There's an outer function which produces b random bytes by XORing two arrays of b bytes from two wrapper functions (one wrapper which eventually gets bytes from /dev/urandom, and one from your custom entropy mixer):

function get_random_bytes(b):
    return wrapper1_get_bytes_from_dev_urandom(b) ^ wrapper2_get_bytes_from_custom_mixer(b)

This would look fine to me if at least one of those wrapper functions generated uniform output e.g. if they looked like this:

function wrapper1_get_bytes_from_dev_urandom(b):
    return get_bytes_from_dev_urandom(b)

function wrapper2_get_bytes_from_custom_mixer(b):
    return get_bytes_from_custom_mixer(b)

But they don't look like the above, instead they both look something like this:

function wrapper1_get_bytes_from_dev_urandom(b):
    do
        bytes = get_bytes_from_dev_urandom(b)
    loop while bytes are all 0's
    return bytes

function wrapper2_get_bytes_from_custom_mixer(b):
    do
        bytes = get_bytes_from_custom_mixer(b)
    loop while bytes are all 0's
    return bytes

Neither ever returns all 0's, and therefore the get_random_bytes() will slightly favor returning all 0's[1]. If you only use this get_random_bytes() with b=32 to create private keys and k's for signatures, this is a non-issue presuming that you'd discard an all 0's result anyways. However if you use get_random_bytes() for other purposes, or if keys are produced by calling get_random_bytes(1) 32 times, it might be an issue (especially when b is small). I couldn't say how much of an issue; I'm no cryptographer....

[1] Specifically get_random_bytes(b) will produce an all 0's output about (2^8b - 1) / (2^8b - 2) times more frequently than any other particular result, which for b=1 is a perhaps noticeable 0.4% greater number of 0's produced.

[songchenwen]

Dear @gurnec

Thanks for your review.

We have checked our code carefully since we saw this issue. As you mentioned the mixed result will slightly favor returning all 0's.

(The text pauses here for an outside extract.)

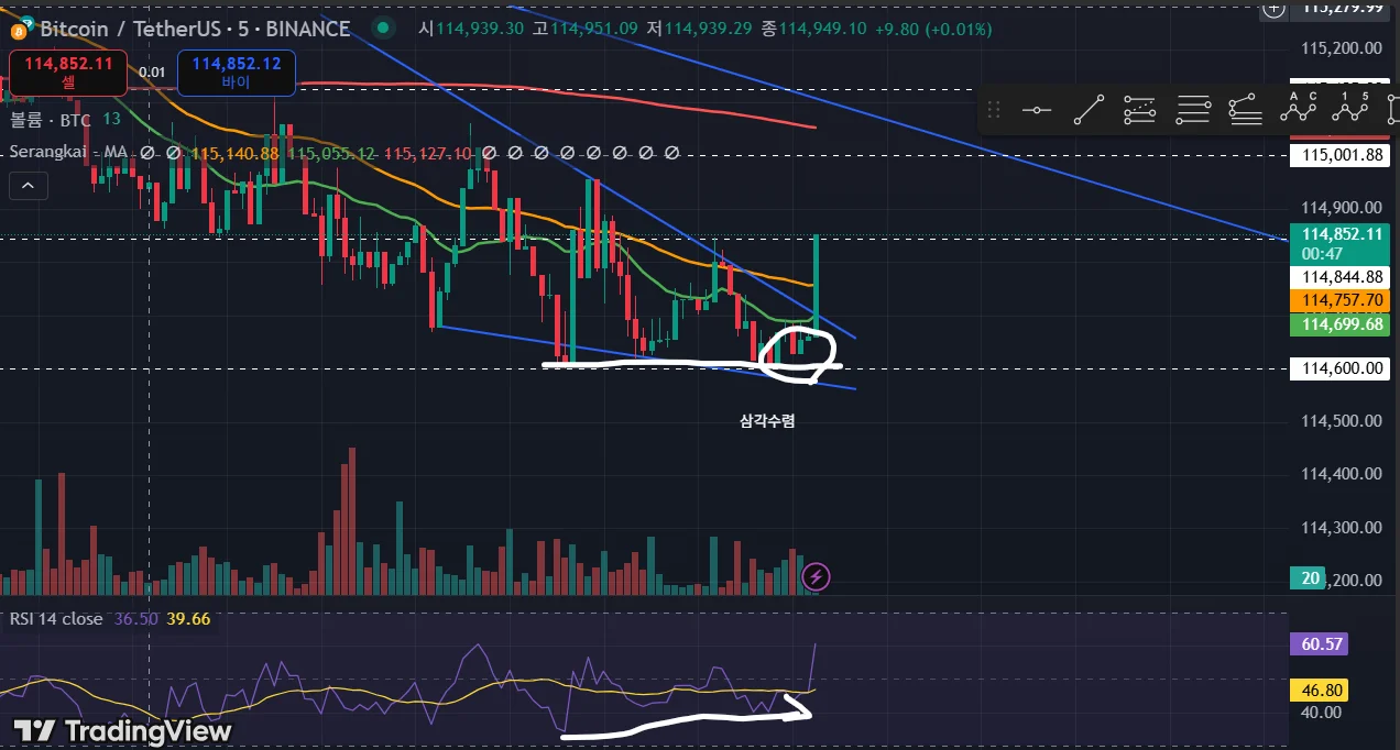 RSI를 보고 RSI는 상승했지만 저점이 비슷한 걸로 보아 상승의 가능성이 있다고 생각했습니다. 삼각수렴 패턴 또한 관찰하였지만, 방향성이 정해지지 않았지만 솔직히 조금 성급하게 매매를 했던 것 같습니다. 하지만 바로 고점 찍는 것을 보고 매도를 하여 이득을 보았지만, 조금 천천히 다음을 지켜보는 여유를 갖는것도 중요할 것 같습니다.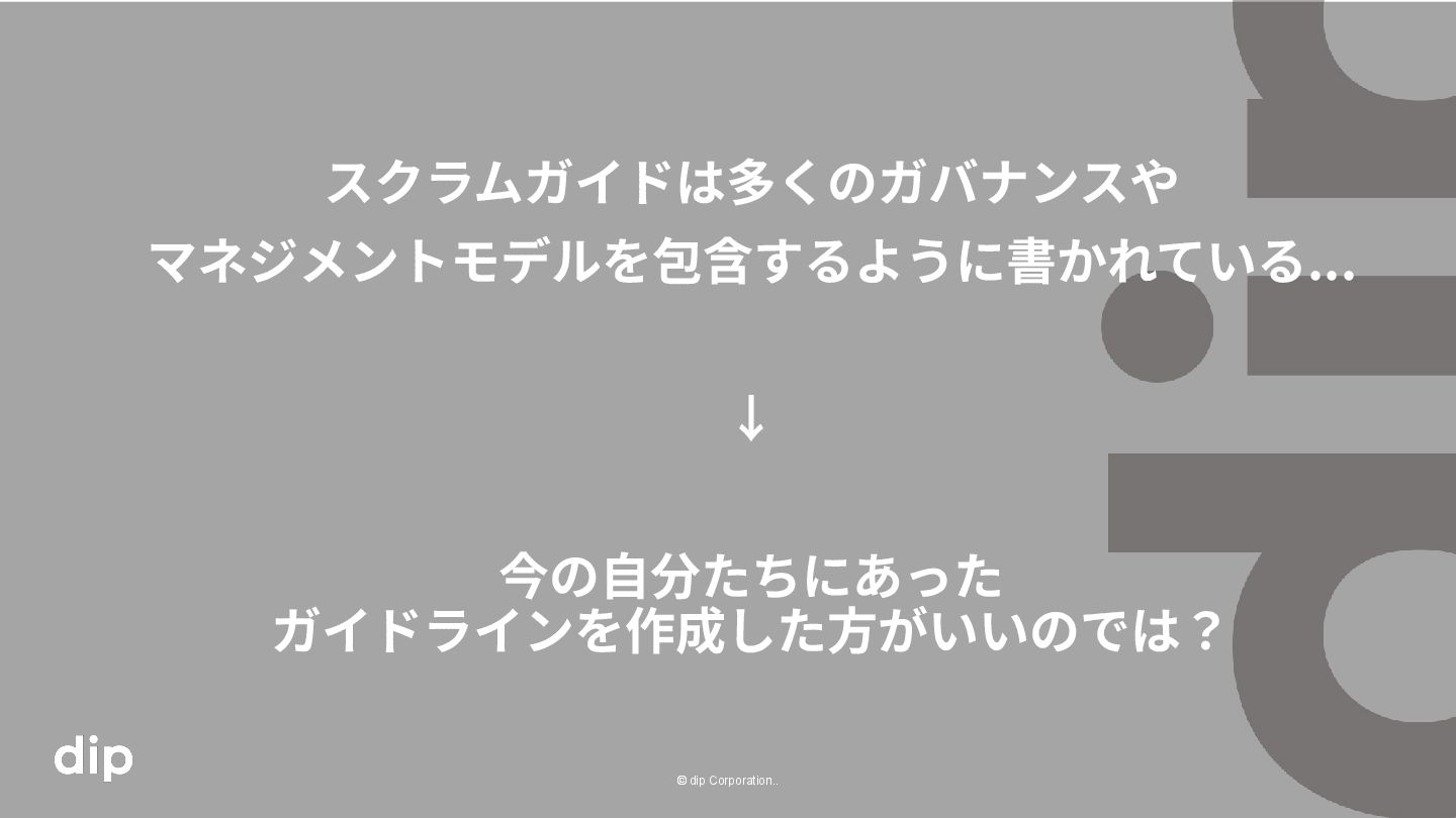 © dip Corporation.. スクラムガイドは多くのガバナンスや マネジメントモデルを包含するように書かれている... ↓ 今の⾃分たちにあった ガイドラインを作成した⽅がいいのでは?

XRANDOM uses two totally different and unrelated entropy sources (/dev/urandom & user's environment entropy). They cannot have the same problem at the same time.

As you presumed we only use XRANDOM to generate private keys, and we have already made sure that all 0 cannot generate a private key (0xG is not valid). That's why we removed our none-zero check to the final output.

The k value for signature is calculated based on RFC6979. We have not use random numbers for the k.

With all the above, the slightly raised all zero possibility won't cause any trouble.

However, we still decide to remove our none-zero check to the two XOR sources as you suggested. As you said they don't need to be there.

We really appreciate your reviewing, and special thanks to you.

Sincerely yours,

Song Chenwen Bither Team

[gurnec]

Thanks for checking into this so quickly. I'm glad to hear that it was a non-issue in practice.

[DeluxDJ]

Why can I see this mail?

At 2015-01-30 10:36:39, "宋辰文" notifications@github.com wrote:

Dear @gurnec

Thanks for your review.

We have checked our code carefully since we saw this issue. As you mentioned the mixed result will slightly favor returning all 0's.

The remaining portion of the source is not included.